The break-even math:
- Hosted API floor: $0.008/M (BGE-M3 on Together)
- L40S GPU rented at $0.99/hour: embeds roughly 5M tokens/minute = 300M tokens/hour
- Effective hosted cost on L40S: $0.99 ÷ 300 = $0.003/M tokens
So renting a GPU for self-hosted embeddings is roughly 3× cheaper than the cheapest hosted API. But:
- The GPU runs whether you're embedding or not. If you only have 10M tokens to embed per month, you're paying $0.99 × 720 = $713 in idle GPU time for $30 of embedding work.
- Break-even is roughly 50M tokens/month — above this, self-hosting wins.
- Operations overhead is real. Plan 0.1–0.2 FTE platform engineering for a production embedding endpoint.

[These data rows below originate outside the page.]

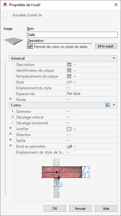 Propriétés d'outil de dalle avec un style de bord de dalle défini par défaut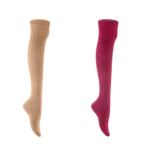 Lian LifeStyle Women's 2 Pair Adorable Comfortable Soft Thigh High Over Knee High Cotton Socks Size 6-9 L1024 (Beige,Wine)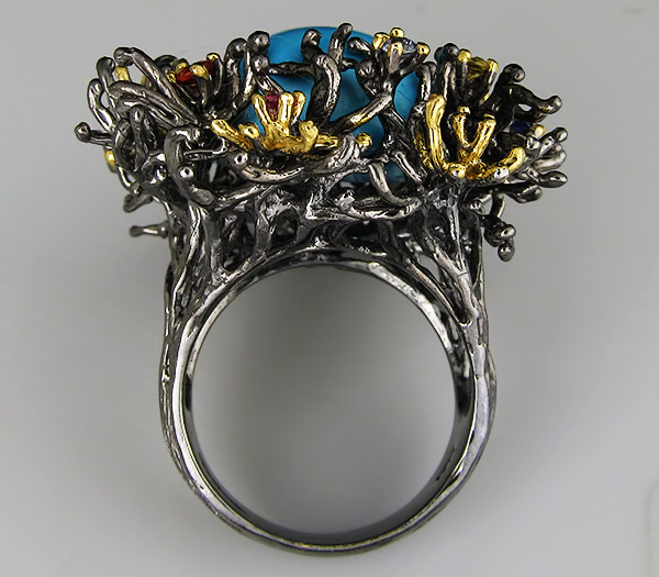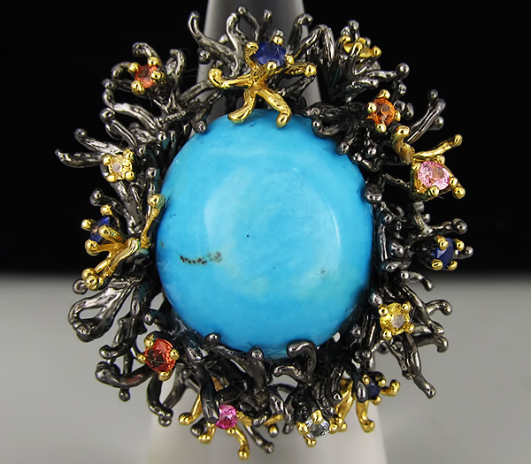 Кольцо из черненого стерлингового серебра 925 пробы с амазонитом, топазами и сапфирами. Вес кольца — 20,6 . Площадка кольца — 33×32 мм. Выборочное золочение.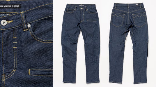 見た目は通常のジーンズにしか見えないオートバイ専用設計フィン付き空冷式ジーンズ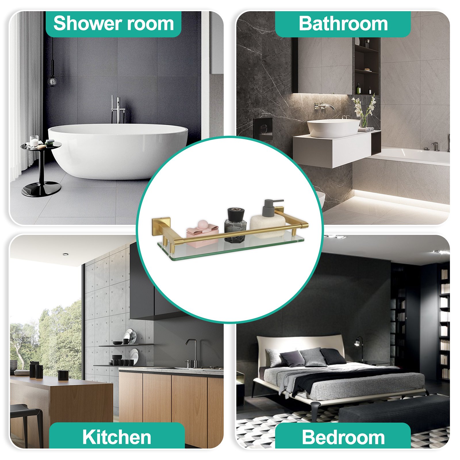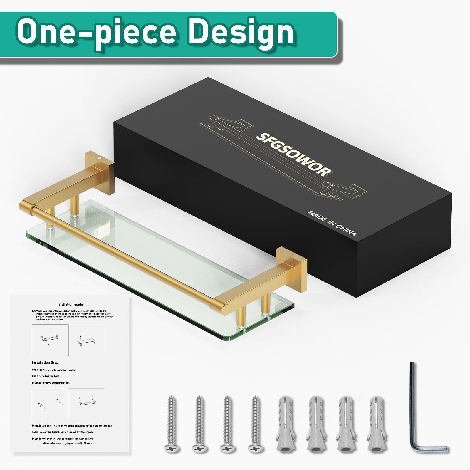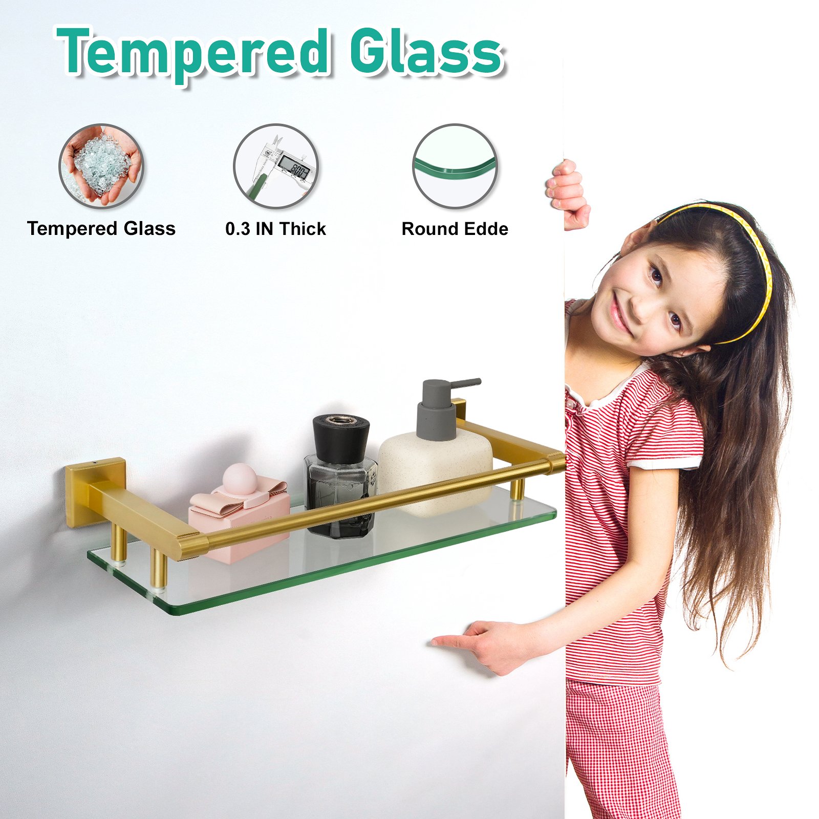 The 16-inch rodless glass shelf with a brushed gold finish is more than just a storage solution—it is a piece of art that elevates your surroundings. Make the smart choice today and experience the perfect blend of aesthetics, functionality, and durability.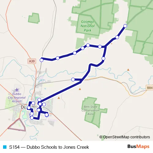 Click here to view the nearest S154 - Dubbo Schools to Jones Creek bus stop.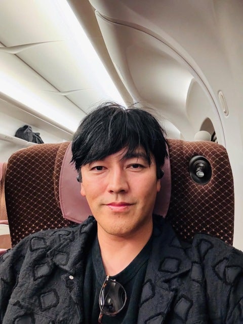 落ち着いた車内の雰囲気と、彼の穏やかな表情が印象的だ。新幹線の座席も上質で、旅の始まりを感じさせる一枚となっている。黒のジャケットにサングラスを合わせたコーデも渋く決まっていて、「そうだ京都、行こう。」の一言がぴったりハマっている。静かな移動時間を楽しんでいる余裕が伝わってくる。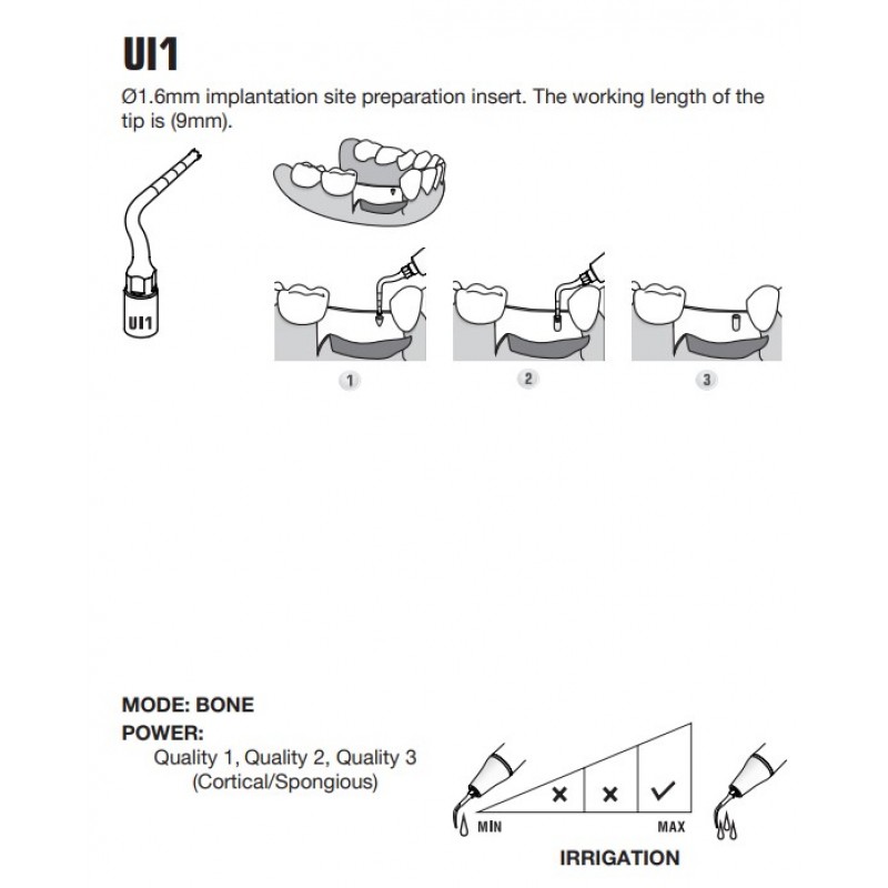Эта насадка обладает рабочей длиной в 9 мм, что обеспечивает точное и эффективное формирование места для имплантации. Имплантация - это важный этап стоматологических процедур, и использование специализированных инструментов, таких как UI1, помогает хирургам достичь высокой точности и надежности в проведении этих процедур.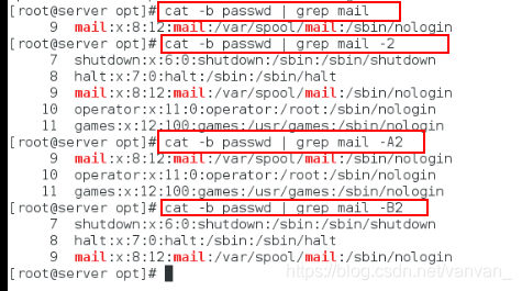 cat -b passwd | grep mail ##默认显示mail所在行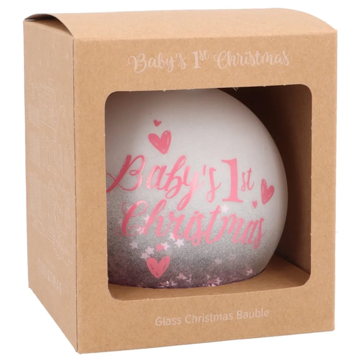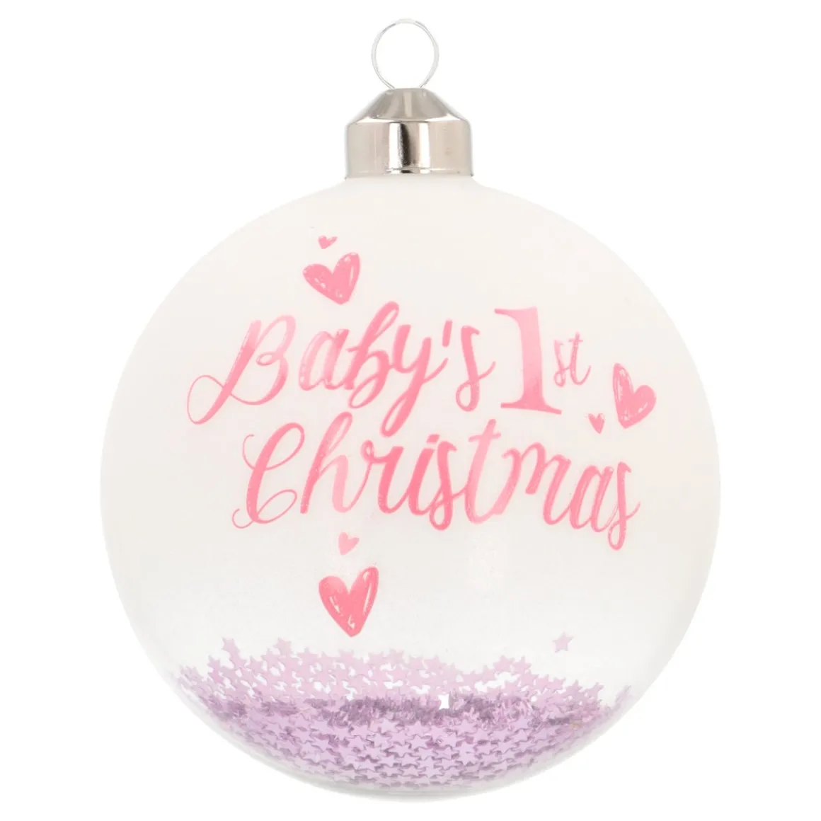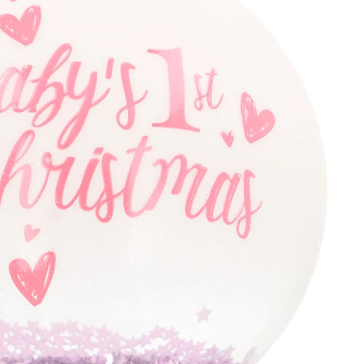 Mit Weihnachten kann man nicht früh genug anfangen! Diese extra große rosa Weihnachtskugel mit „Baby’s First Christmas“, mit einem Durchmesser von 10 cm,ist perfekt als Hommage an die Kleinsten.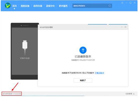 1、将华为手机助手升级至最新版本。在手机电脑上打开华为手机助手,点击左下角版本号的位置就能进行升级。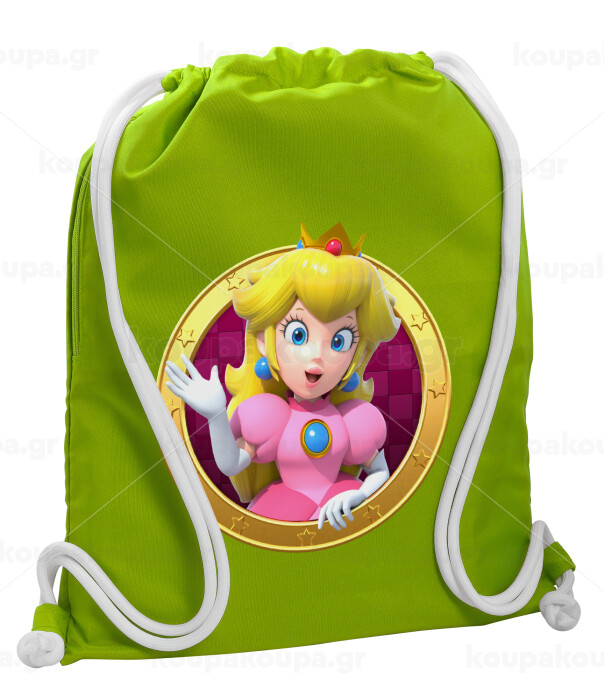 Princess Peach Toadstool, Τσάντα πλάτης πουγκί GYMBAG LIME GREEN, με τσέπη (40x48cm) & χονδρά κορδόνια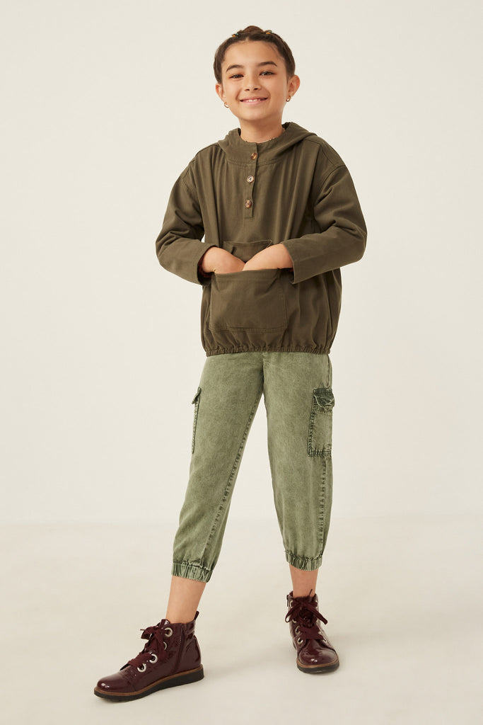 Our Buttoned Cargo Pocket Hooded Top Features:

For batch embedding jobs (re-embedding a corpus on demand), spin up a GPU just for the job: 100M tokens takes about 20 minutes on an L40S, costing $0.33. Hosted API would cost $0.80–$26 depending on model. Big win for one-off batches.
How often should I switch embedding models?
Less often than you'd think. The cost is the re-embedding pass. Practical guideline:
- Stay if your current model is within 10% of the current best on your specific retrieval benchmark.
- Switch when a new model offers >15% improvement on your benchmark AND your corpus is small enough that re-embedding cost is under 5% of annual RAG budget.
- Adopt new models in parallel for a few weeks before fully cutting over — keep both vector indexes, do A/B retrieval.
The Embeddings Cost Calculator compares 17 models with your specific corpus size and query rate, including both one-time and recurring costs. For broader RAG architecture decisions, the Vector DB Cost Estimator and RAG Total Cost Calculator extend the analysis to the full stack.
Embeddings pricing changes more slowly than LLM token pricing — major shifts roughly twice a year. We refresh the calculator on the first of every month with verified rates from each provider's pricing page.